В том, что критики «своего круга» отрицательно отнеслись к московским работам, была очевидная логика – эти работы знаменовали радикальный крен в сторону от ретроспективных портретов начала века, в данном кругу встреченных восторженно. Игорь Грабарь, прежде именовавший Сомова «лучшим портретистом последних десятилетий» («и если он не такой живописец, как Серов, то во всяком случае он не менее метко, а часто и более проникновенно, схватывает характер человека»), воспринял новую стилистику как явный упадок (из писем Александру Бенуа: «Боюсь идти смотреть сомовский портрет Генриетты, потому что слышал, что он еще хуже Носовой, а тот нестерпим на мой дилетантский взгляд»; «Эта „Дама в красном“ (М. Д. Карпова) – неизмеримо хуже не только Носовой, но и прекрасной Генриетты. Я готов был провалиться сквозь землю, когда ее увидел»). Московской публике, напротив, вещи нравились (мнение М. В. Нестерова о портрете Носовой – «…шедевр! – произведение давно жданное, на котором отдыхаешь. Так оно проникновенно, сдержанно-благородно, мастерски законченно! Это не Левицкий и не Крамской, но что-то близкое по красоте к первому и по серьезности ко второму…»); весьма довольны были и заказчики. Ситуация с публичным успехом в данном случае симптоматична: именно этой линии портретирования предстояло получить развитие и долгое продолжение в сомовском творчестве.

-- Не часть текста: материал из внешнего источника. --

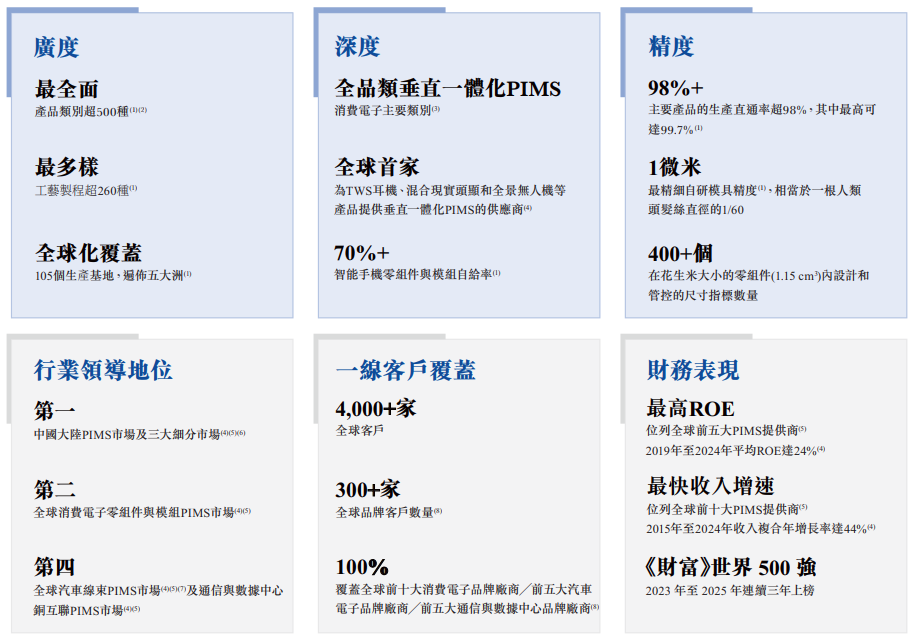 根据弗若斯特沙利文的资料,按 2024 年收入计, 公司 在精密智造解决方案 (PIMS) 行业中排名全球第四、中国大陆第一,并在消费电子、汽车电子、通信与数据中心等各主要业务线均处于全球领先地位;在全球精密智造解决方案提供商中, 公 司 拥有最全 面及最多元化的产品组合。 公司 于 2023 年至 2025 年连续三年跻身《财富》世界 500 强榜单。

«Я совершенно иначе работаю, если это не заказ. Свободнее, счастливее, и, может, лучше…» – уже на пороге старости признавался Сомов сестре. Жить, однако, приходилось все-таки заказами («Главное – хлеб. Теперь это все»; из письма 1925 года) – не всегда будучи вольным в выборе моделей, пытаться найти «свой поворот» в натуре предлагаемой. Однако в полной ли мере свой? Если в графических портретах, включая и автопортреты, индивидуальное состояло как раз в исключении индивидуального с любой стороны, в воспроизводстве чистой ситуации «опознания», то парадная форма обладала априорно иной и исключающей подобную позицию знаковой природой. Заказывая художнику живописный портрет, как правило большого формата, модель уже самим фактом такого заказа рассчитывала на определенный уровень репрезентации и, стало быть, на включение данного образа в неосознанный, но тем не менее вполне локализованный жанровый семиозис. Проще говоря, она претендовала не просто отражаться в зеркале, но быть представленной «во славе», в полноте и блеске житейской роли.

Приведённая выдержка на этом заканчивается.